I had similar thoughts. When I got to the end of this and fit the regression, I though, "wait, don't I hate regression!?" But in this particular case, there are strong reasons to think that the temperature truly only depends on the height and pour-speed, so a regression seems totally justified. (At least if we assume room temperature, the kettle shape, the thickness of the cup, etc. are all constant.)
Your experiment reminds me of the Mpemba effect, which is "...the name given to the observation that a liquid (typically water) which is initially hot can freeze faster than the same liquid which begins cold, under otherwise similar conditions. There is disagreement about its theoretical basis and the parameters required to produce the effect." https://en.wikipedia.org/wiki/Mpemba_effect
Based on wild extrapolation, this means pouring a cup of boiling water from 5 meters above ground would cool it so much it turns into snow (regardless of time spent pouring).
I found a video online of a guy tossing a pot of boiling water into -29°C air, and it's not too far off!
I didn't measure them, if that's what you're asking, but I'd expect they were nearly constant, given that I took all the measurements in a short period of time in a temperature-controlled environment. Certainly, these would change the amount of cooling, although the range of likely indoor temperatures varies in a range that's fairly small relative to the temperature boiling water. (100 ℃ vs. 15-30 ℃?) No idea how much evaporate cooling might be a factor here, though!
In India in the 1940s and 1950s (and for all I know possibly still today..) one used to be able to buy a cup of tea on railway platforms, whilst the train was stopped at the station. Because the water came out of the tea urn boiling hot and you were going to drink it from a heat-conducting tin mug (and only had a few minutes whilst the train was stopped) the tea urn man would cool the tea for you by pouring it between two receptacles before pouring it into your tin mug.

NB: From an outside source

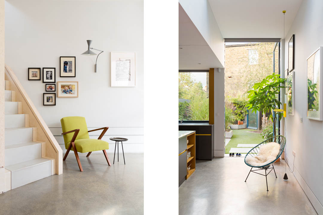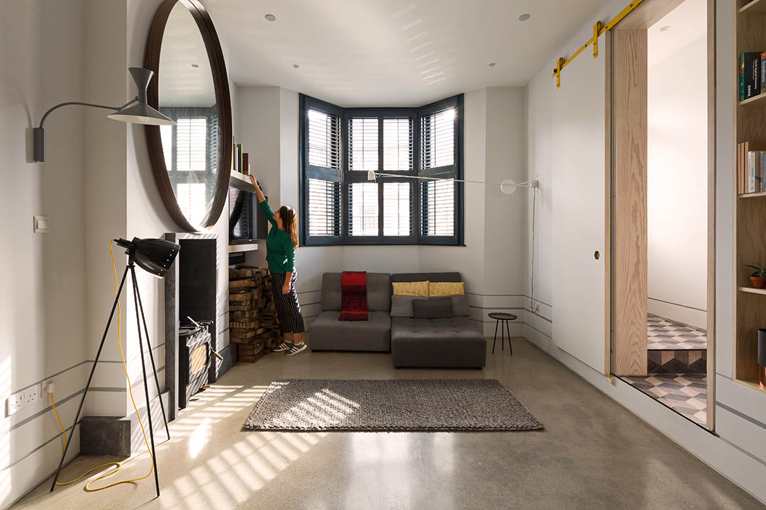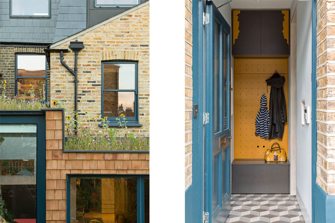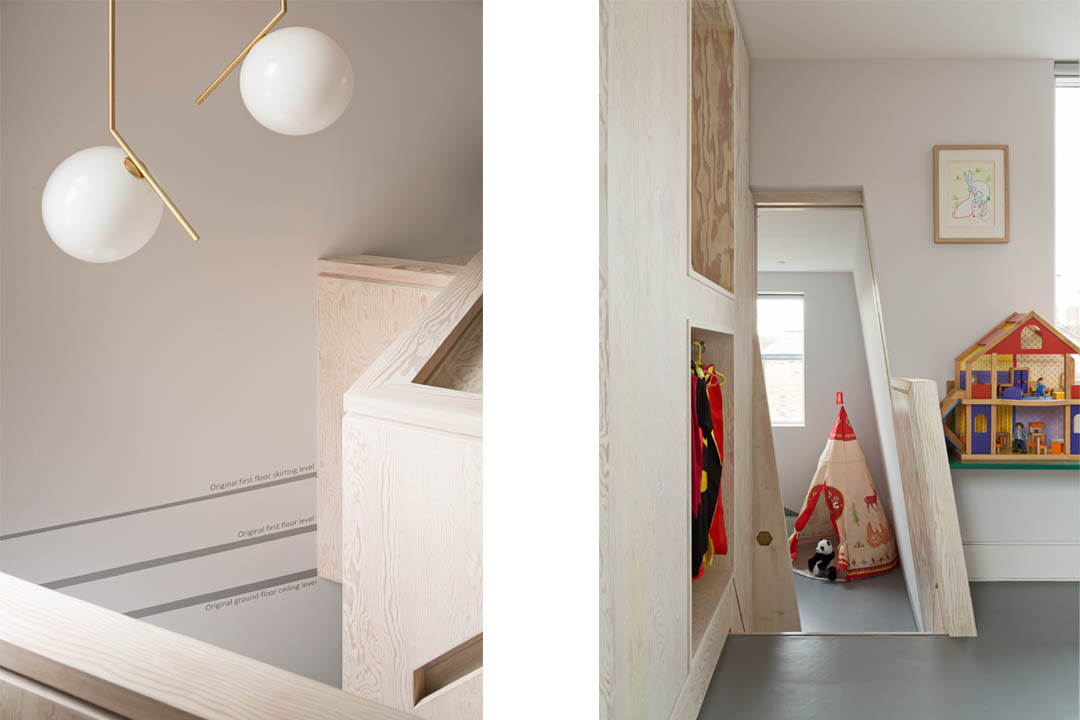 The typical terrace 2 up 2 down house layout suffers from a narrow plan form with a set of corridor like circulation spaces. Ground floor spaces are often rooms off this cellular corridor with bedrooms at first floor compromised due to the non active circulation space that runs from front to back of the building. The project looked to challenge the traditional layout by using the staircase to cut across the building. This removed the dark corridor and landing spaces and instead liberating the plan installing a CNC cut dynamic staircase with active landing study and playroom spaces. The existing internal walls, chimney breasts, staircase and floors were removed, retaining only the facade, to enable the building floor levels to be dropped to create a sunken ground floor plan that enables a generous floor to ceiling height at loft level. All new elements to the building are clad in douglas fir to create a visual legend for the building, whilst the existing walls are retained as painted plaster. Removed floor levels are traced onto the walls, whilst locations of the existing building features such as the roof, staircase and decorative plaster work is cut into the faces of the joinery. High levels of insulation, solar hot array and a wildflower roof lower the carbon footprint of the building, whilst the stripped out existing house provides firewood for the stove. The old house heats the new.

Rather than pouring from an extreme height he would pour it several times back-and-forth, and rather than trying to "aim" the pour he would begin the pour with the two receptacles held close together, one in each hand, then (with practiced swiftness) raise one up whilst keeping his eyes on the lower one to keep the stream roughly in the centre of its opening. Then he'd bring the two receptacles back together, all the while "connected" by this stream of tea, and pour back to the first one. The whole process looked a bit like somebody stretching out some ductile, toffee-like substance between their hands.
[Also: to know how significant your results are, I'd love to know what temperature the water started off at? (ie. what was the ambient pressure in the room it was boiled in, and was boiling-point measured visually, by thermometer, or by a steam-pressure-switch like you'd find in a kettle..?)]
I can confirm that the "pour between two metal cups" method is indeed still used in India today. Even in more circumstances—if you order coffee in a restaurant, it might be served to you with two cups even though you're sitting down and have plenty of time. I don't understand why steel cups are used, though, given that steel is such a good heat conductor...
Anyway, for these experiments, the water started at very close to 100 ℃ as measured with the same digital thermometer as used for the other measurements. Each time I need to refill the kettle, I let it reach the maximum temperature the thermometer could show, and left the kettle on the heat at all times between measurements.
tl;dr: I suspect they had both situations in different runs of the experiment.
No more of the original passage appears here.